Acaba de morir, a los 81 años, Rick Davies, el fundador y músico de Supertramp que más pudo parecerse a Roger Hodgson, y que a veces lo superó. Quienes vivimos el ascenso y la caída de Supertramp sabemos que supusieron una forma de cultura tan importante como Cioran, Beckett, Fitzgerald o Camus. Hicieron una música que colmaba la esperanza de lo que la vida tiene reservado a cualquier adolescente que quiera llegar a ser él mismo. Yo diría de ellos lo que dijo Harold Bloom de Shakespeare: no ha nacido ningún otro autor como él, ni nacerá. Es decir, el futuro no llegará a darnos un conjunto de músicos que interprete al hombre y a la época que le haya tocado vivir como ellos. De todas las reacciones que me produce la música actual, la más representativa es, sin duda, la de la nostalgia. Cuando escucho a los actuales premios Grammy echo de menos la música que conformó mi crecimiento cultural, y que tanto tenía que ver con la fiebre del conocimiento, en lugar de suponer nada contra él, como ocurre ahora. Supertramp puso mensajes no a lo que sentíamos, sino a lo que pensábamos, y alguna de sus actuaciones constituyen hitos inolvidables, como la que se grabó en directo en el Pavillion de París en 1979. Los niños de entonces, que éramos adictos a Even in the quietest moments, a Downstream, que pensábamos siguiendo los acordes de Fool´s overture y mantuvimos nuestros momentos de soledad, nuestra habitación propia escuchando durante horas Goodbye stranger y Take the long way home, hace años que nos hallamos, casi hacia la mitad del camino de nuestra vida, perdidos en una selva oscura.

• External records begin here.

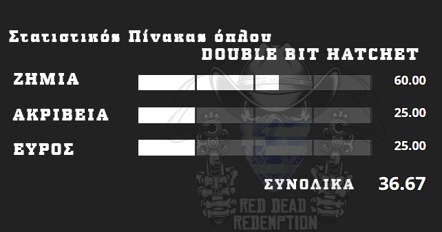 Το Double Bit Hatchet είναι ένα όπλο στην κατηγορία Thrown Weapons / Melee Weapons που εμφανίζεται στο Story Mode του Red Dead Redemption 2.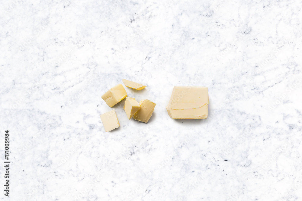 Organic Butter isolated on white marble kitchen top. Horizontal composition. Top view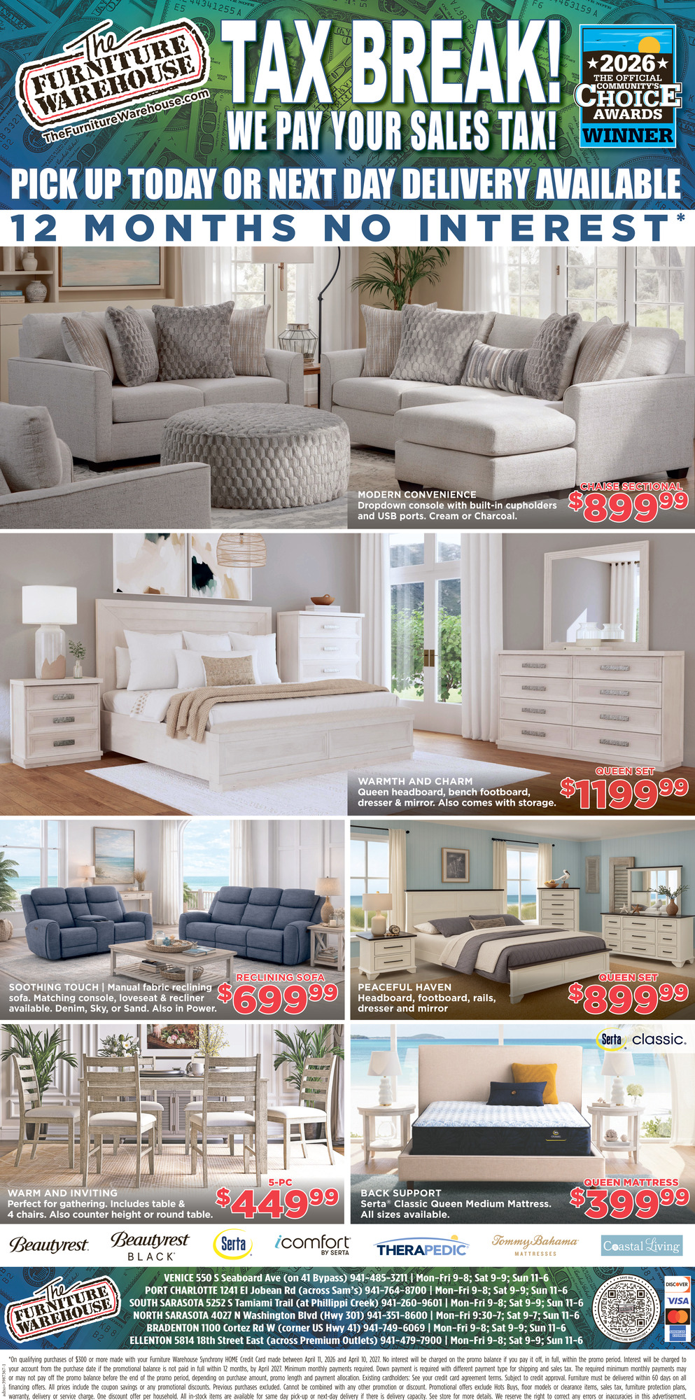 Apr 18, 2026. Furniture Warehouse Home Furnishing Ads from Your Sun
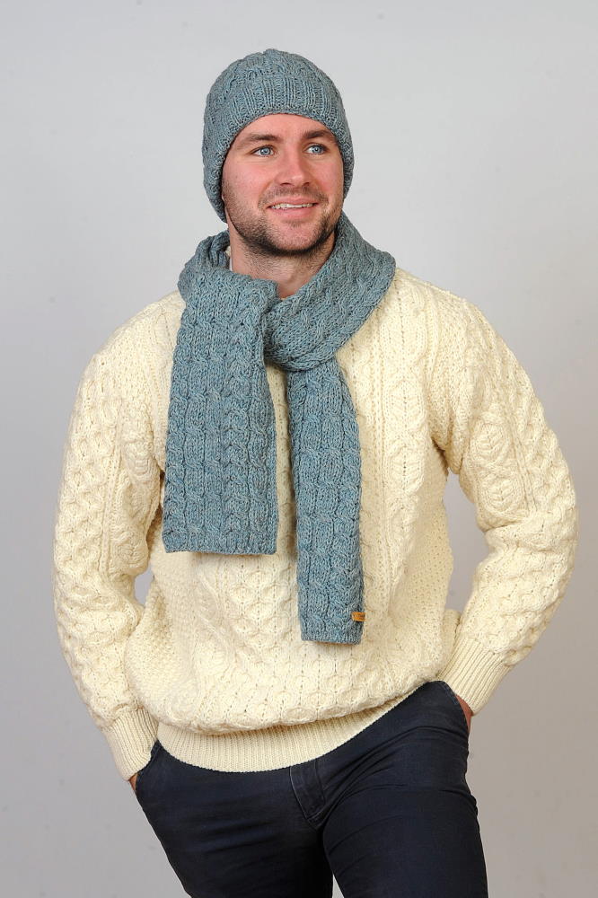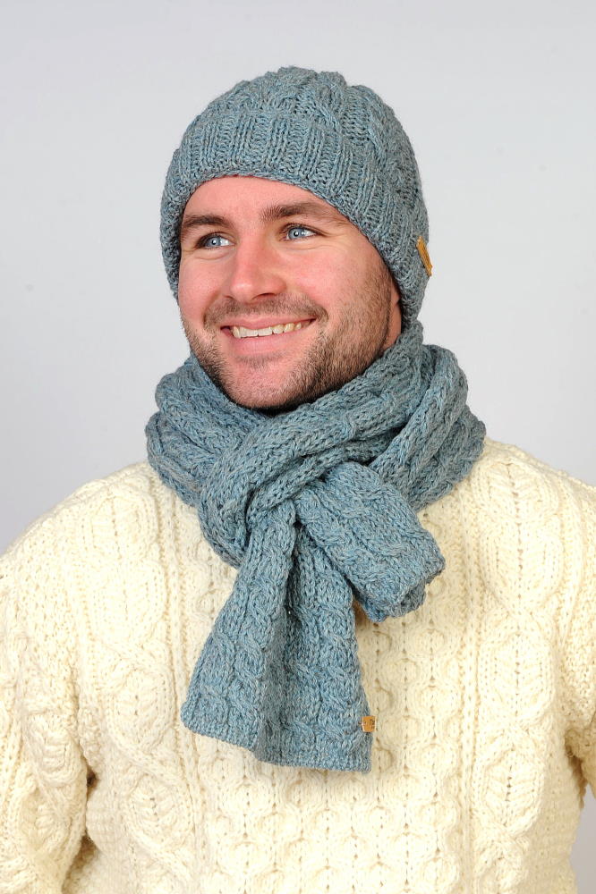 When days are cold and evenings even colder, our Barnesmore Aran Stitch Hat and Scarf set will keep you protected from the elements. Knit with traditional Aran stitches, in worsted wool which is warm and hardwearing.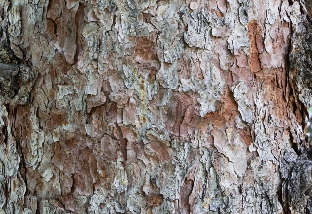 A close-up of bark on a mature Douglas-fir. While the bark on young trees is thin, smooth, gray, and covered with resin blisters, mature trees are about 2-1/4 inches thick and have a cork look to them.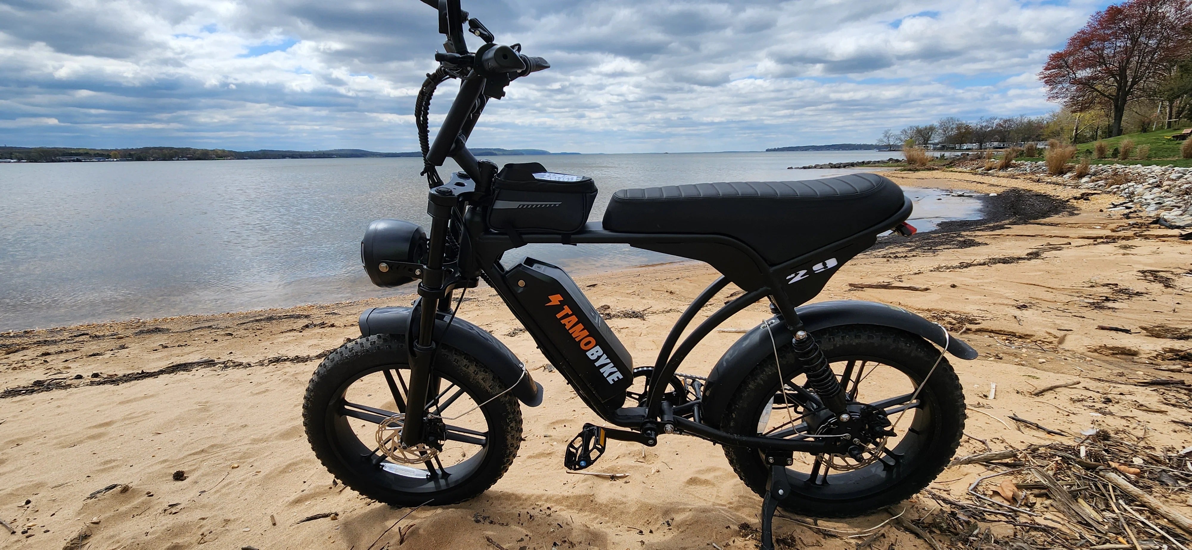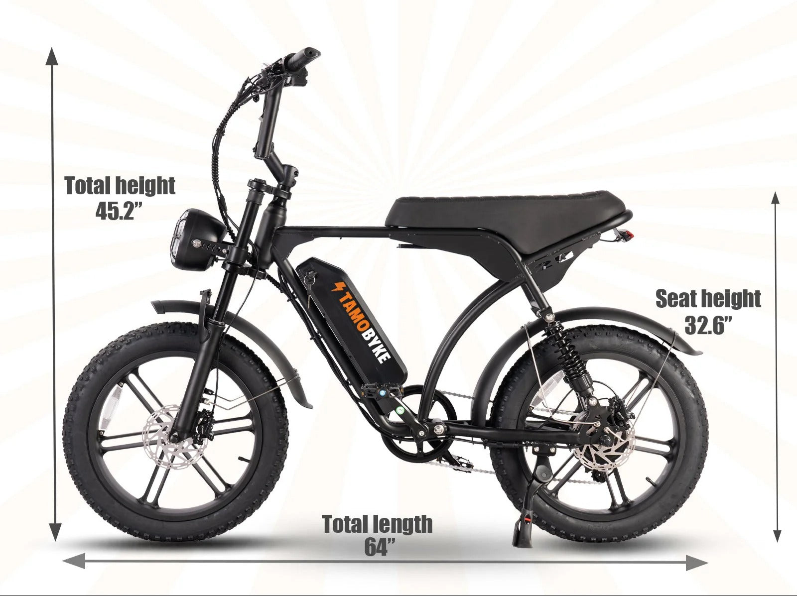 The Tamobyke All-Terrain Fat Tire, With 20" x 4" thick tires, it conquers diverse terrains. City Road, Mountain Road, Snow Road, Sand Road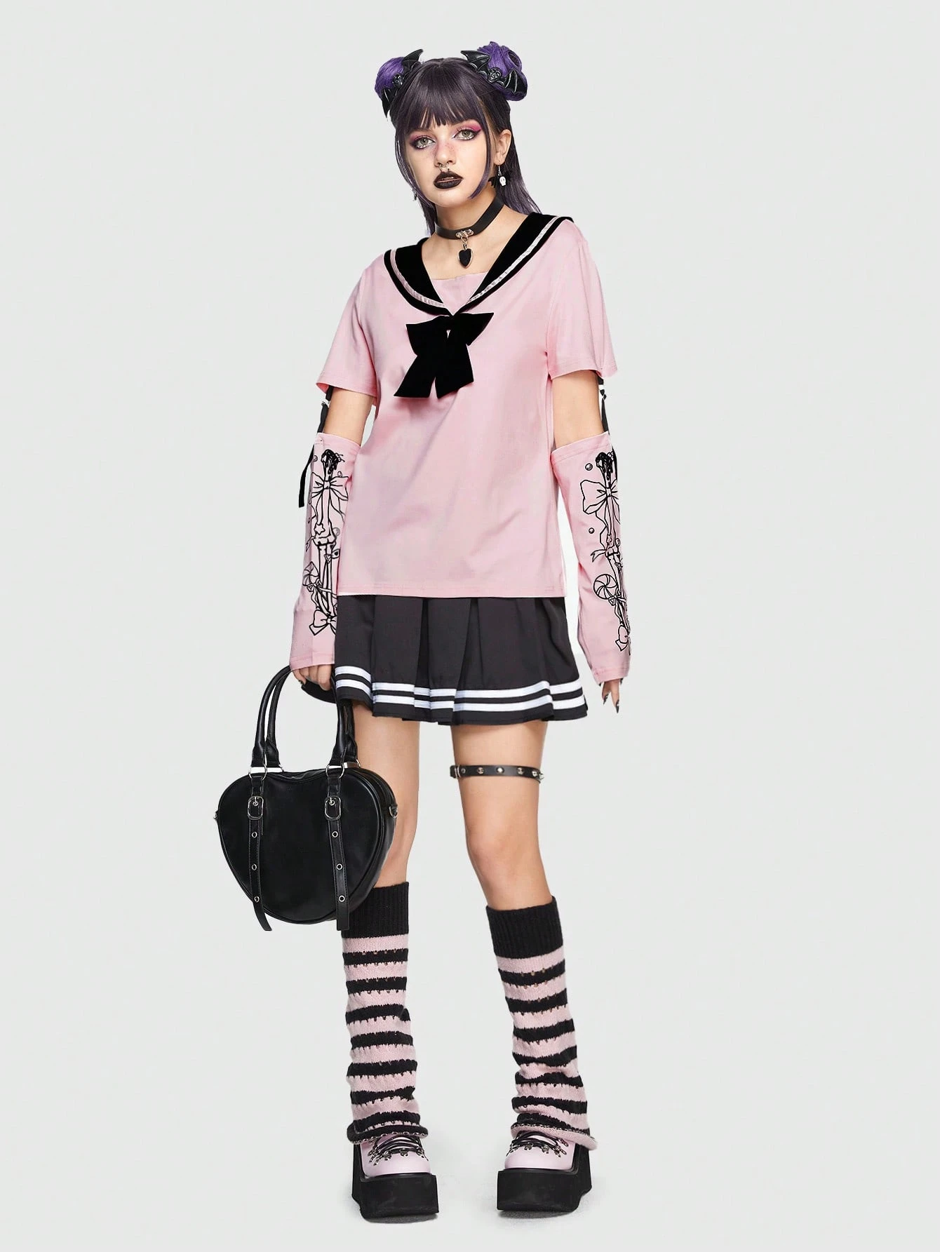 Kawaii Camiseta cuello marinero con lazo delantero con mangas

La muerte de Davies no es más que el adiós a un mundo. Un adiós simbólico, pero real. Cuando Hodgson se separó del grupo, en 1983, me pasé años escuchando la última canción grande que acababan de componer: Cannonball. Y digo grande porque eran acordes que acompañaban las conversaciones, el amor y los libros que leíamos. Un mundo, en efecto, se va. Podremos seguir escuchando esas canciones, pero son canciones que removerán lo que siempre hemos llevado dentro. Ya no puedo escucharlas por hábito, sin sentir nada. Yo era demasiado chico para haber podido asistir a alguno de sus conciertos, pero aquella música me sirvió para imaginar grandes historias, o para tratar de imaginarlas. Ahora la música no deja huella, no marca el momento en que la escuchamos, o la escuchan. Sólo sirve para convertir en parpadeo algo que no ha nacido para ser eterno. Sin embargo, poco importa que Rick Davies haya muerto. Queda su generación, y las dos generaciones posteriores, para construir una inmortalidad que no podrá repetirse en el futuro. El futuro se lo pierde.
Fue uno de esos hombres que tenían mensajes que transmitir, en una época hecha para oír mensajes. Una música compuesta con la inspiración, o la conciencia de que ser original era también algo profundo. Hubo una generación de niños, la mía, que se quedaba extasiada en los escaparates de las tiendas de discos contemplando aquel piano nevado, con la partitura y las teclas sumergidas en polvo blanco, y recordando a un loco cantando un mensaje que no comprendíamos, porque recitaba en inglés, pero era nuestro. Ahora los niños bilingües saben inglés. No lo entienden, pero es porque tampoco entienden el castellano. Ha muerto un hombre a la altura de Dylan, de Chaplin o de Tchaikovski, un hombre capaz de llevar a la cultura popular lo que pensaban Mishima o Foucault. En eso debería de consistir la educación, en divulgar lo que piensan los mejores, no los mediocres. Hodgson, tras dejar Supertramp, tampoco ha realizado grandes logros. A veces los egoísmos se necesitan unos a otros.